**Data items:**
^^^^

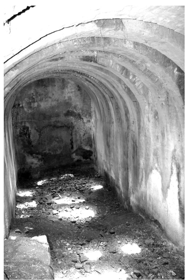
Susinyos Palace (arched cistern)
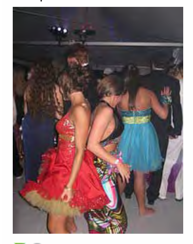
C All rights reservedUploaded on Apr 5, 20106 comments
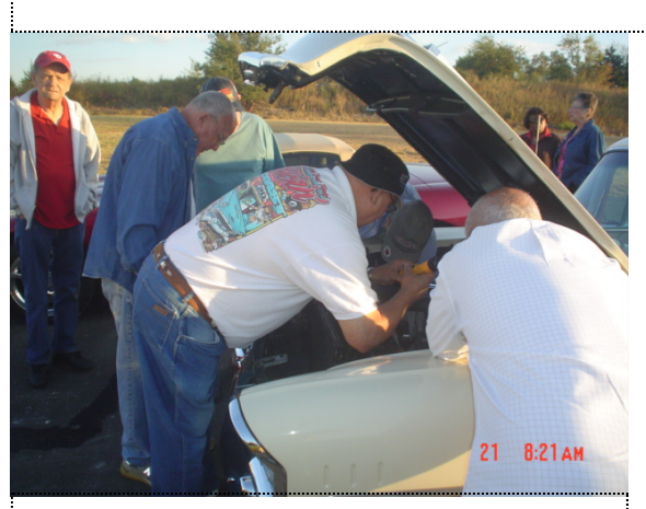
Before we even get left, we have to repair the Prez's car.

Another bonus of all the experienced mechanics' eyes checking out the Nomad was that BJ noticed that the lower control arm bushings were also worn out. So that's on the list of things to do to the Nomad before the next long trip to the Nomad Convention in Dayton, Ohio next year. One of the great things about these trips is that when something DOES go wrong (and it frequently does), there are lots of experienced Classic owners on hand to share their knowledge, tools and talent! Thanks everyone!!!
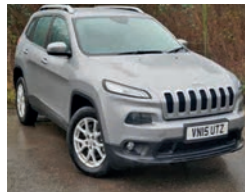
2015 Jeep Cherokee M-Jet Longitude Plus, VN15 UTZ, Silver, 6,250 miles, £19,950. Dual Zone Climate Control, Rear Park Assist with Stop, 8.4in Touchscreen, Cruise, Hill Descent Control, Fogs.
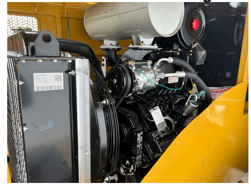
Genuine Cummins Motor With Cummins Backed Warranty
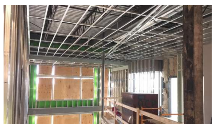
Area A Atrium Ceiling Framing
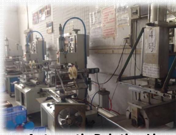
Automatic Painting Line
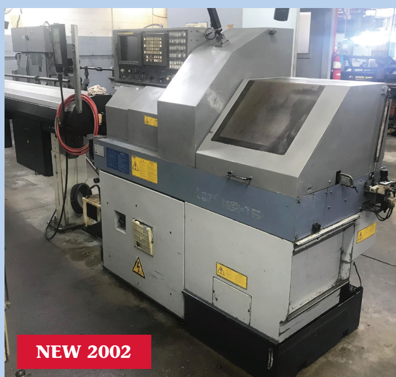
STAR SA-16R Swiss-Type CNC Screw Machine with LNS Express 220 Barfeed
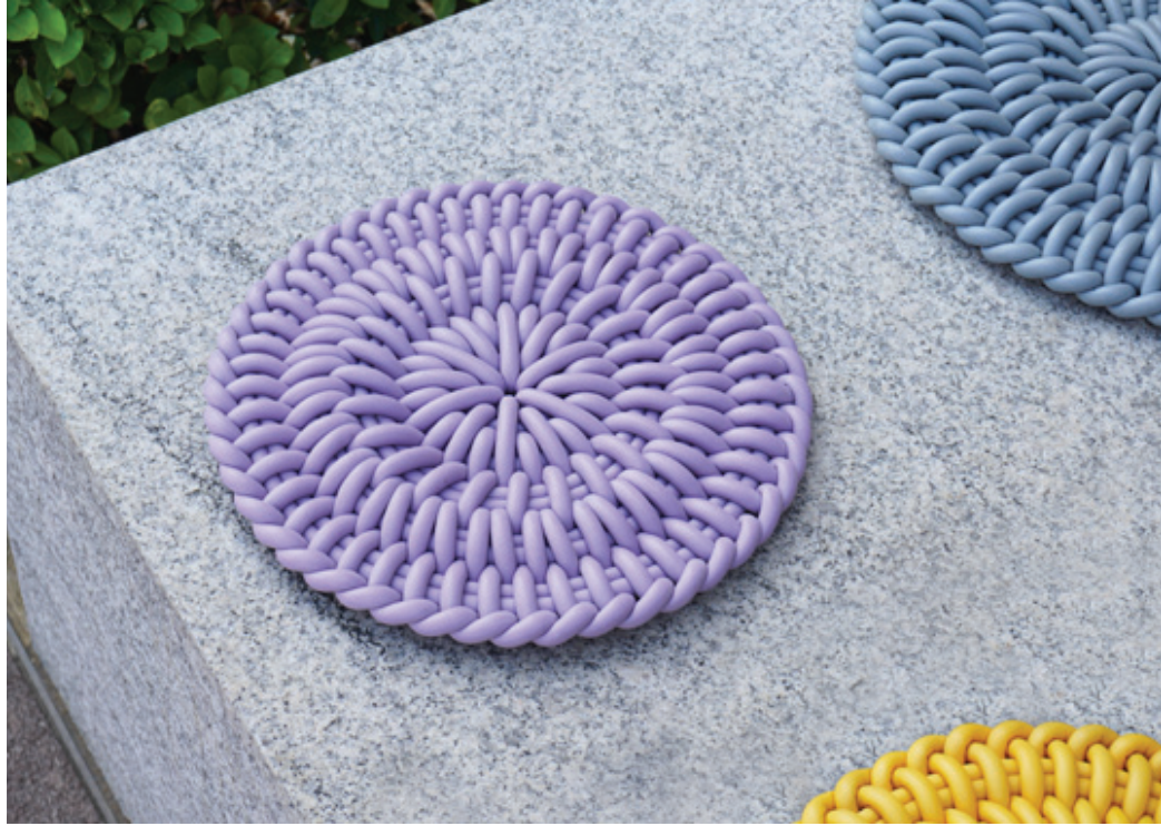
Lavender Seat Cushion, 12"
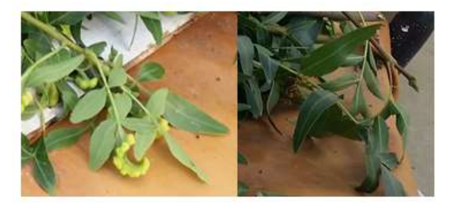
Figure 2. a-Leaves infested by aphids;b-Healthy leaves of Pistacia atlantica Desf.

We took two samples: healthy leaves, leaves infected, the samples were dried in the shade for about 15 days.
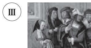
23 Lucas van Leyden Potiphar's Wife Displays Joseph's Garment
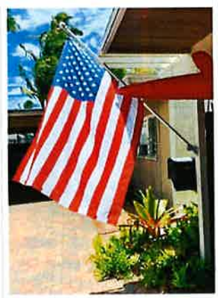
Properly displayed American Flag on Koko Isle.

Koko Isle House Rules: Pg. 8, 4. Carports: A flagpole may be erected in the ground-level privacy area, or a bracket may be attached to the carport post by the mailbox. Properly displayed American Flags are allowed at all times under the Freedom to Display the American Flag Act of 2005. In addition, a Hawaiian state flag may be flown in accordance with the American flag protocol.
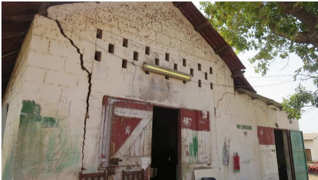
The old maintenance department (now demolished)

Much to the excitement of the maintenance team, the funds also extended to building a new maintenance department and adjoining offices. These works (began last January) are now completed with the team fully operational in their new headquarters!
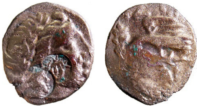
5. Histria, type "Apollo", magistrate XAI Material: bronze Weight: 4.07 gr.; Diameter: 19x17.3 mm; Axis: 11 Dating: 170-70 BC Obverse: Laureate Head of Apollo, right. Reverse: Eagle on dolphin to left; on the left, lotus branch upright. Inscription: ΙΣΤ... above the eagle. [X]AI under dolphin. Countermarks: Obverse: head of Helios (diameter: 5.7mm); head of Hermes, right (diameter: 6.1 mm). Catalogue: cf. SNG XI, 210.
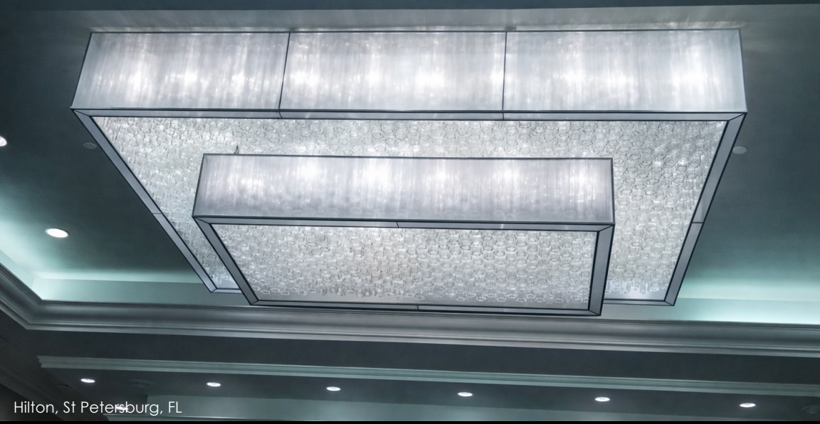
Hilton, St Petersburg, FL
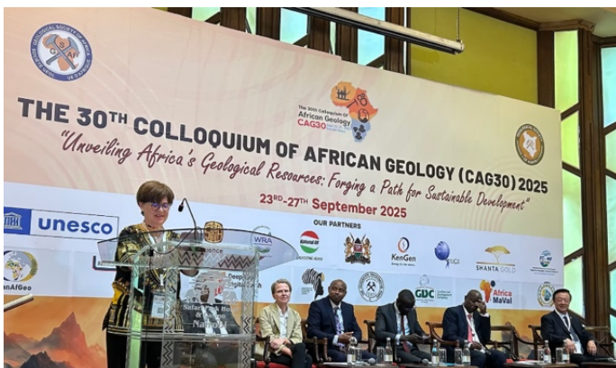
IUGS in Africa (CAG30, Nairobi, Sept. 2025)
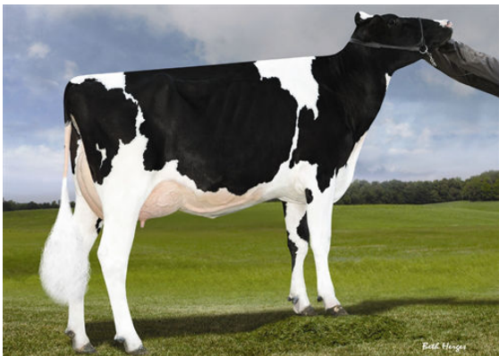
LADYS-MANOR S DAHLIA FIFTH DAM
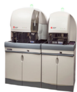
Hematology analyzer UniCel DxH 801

^^^^

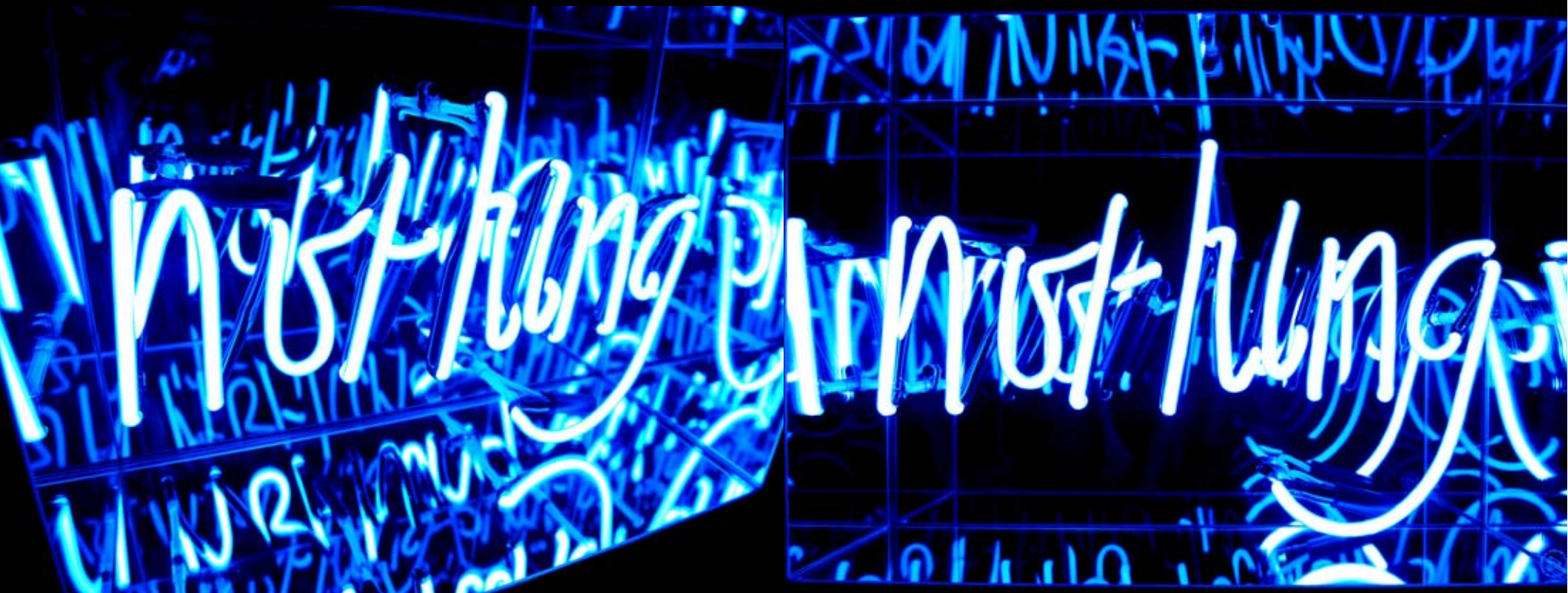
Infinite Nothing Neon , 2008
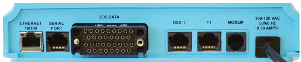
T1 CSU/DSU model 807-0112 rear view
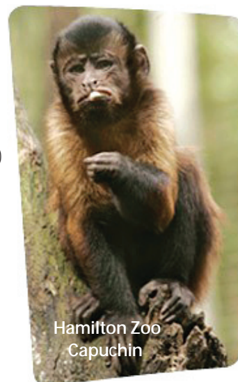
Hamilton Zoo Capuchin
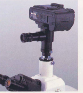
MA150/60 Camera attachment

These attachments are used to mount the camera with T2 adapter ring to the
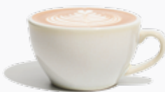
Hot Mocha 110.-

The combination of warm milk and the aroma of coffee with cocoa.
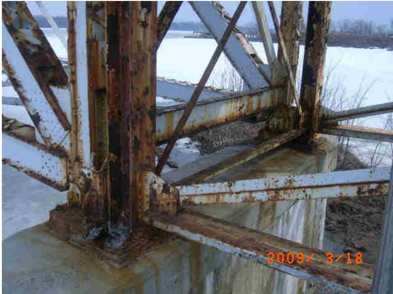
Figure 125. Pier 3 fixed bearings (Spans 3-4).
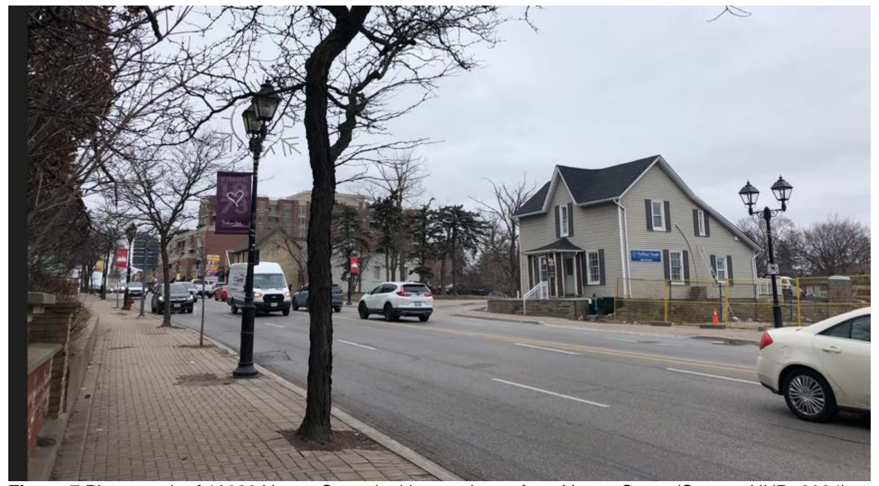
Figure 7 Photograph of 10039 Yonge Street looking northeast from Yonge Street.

^^^^

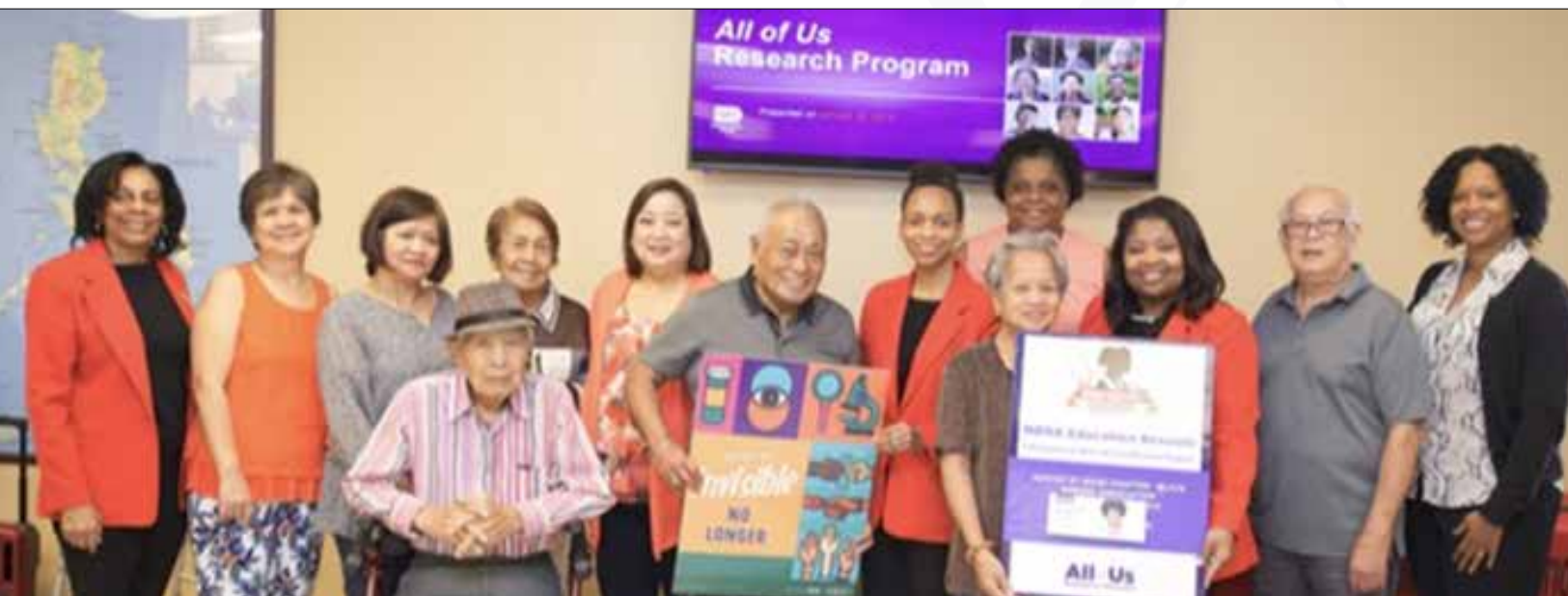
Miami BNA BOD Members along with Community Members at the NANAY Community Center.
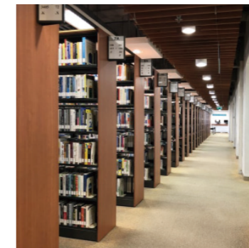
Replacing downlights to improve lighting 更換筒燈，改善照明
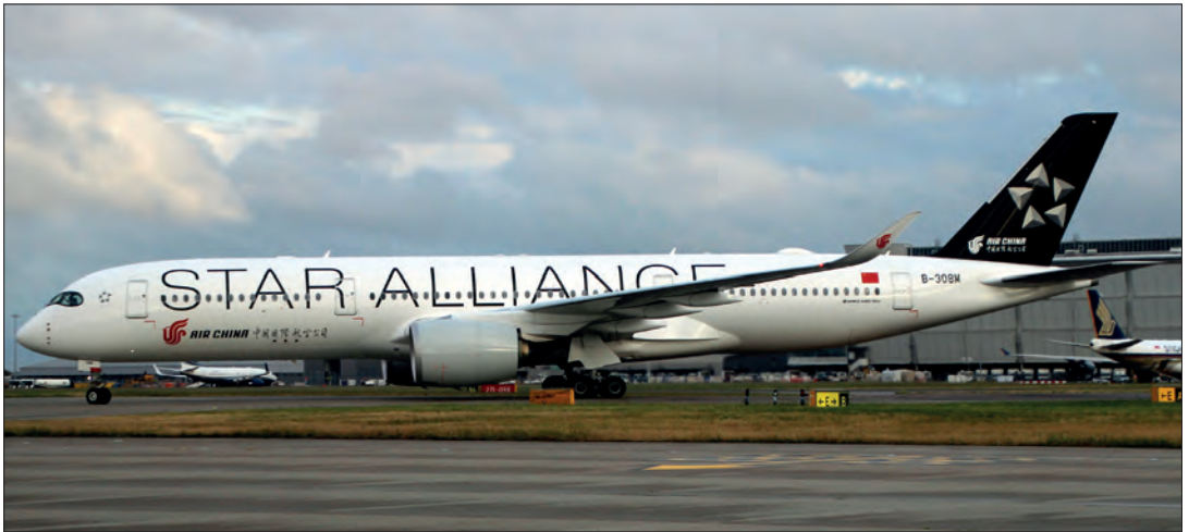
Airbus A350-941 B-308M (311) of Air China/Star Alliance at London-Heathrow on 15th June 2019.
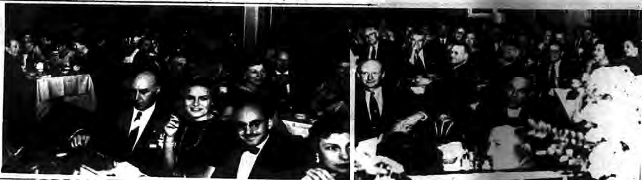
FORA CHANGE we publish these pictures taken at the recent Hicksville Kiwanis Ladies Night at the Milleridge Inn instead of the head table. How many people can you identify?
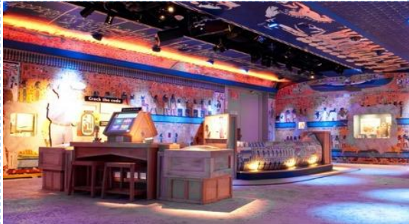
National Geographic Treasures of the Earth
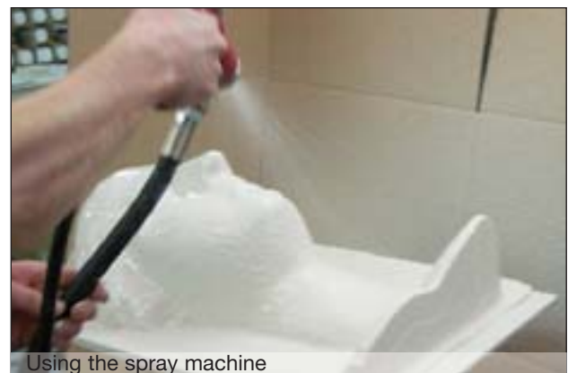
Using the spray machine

^^^^

**ABOUT THIS EXERCISE:** Report the number of lines above containing the string "department" as your sole answer.

**SOLUTION TO THIS PROBLEM:** 2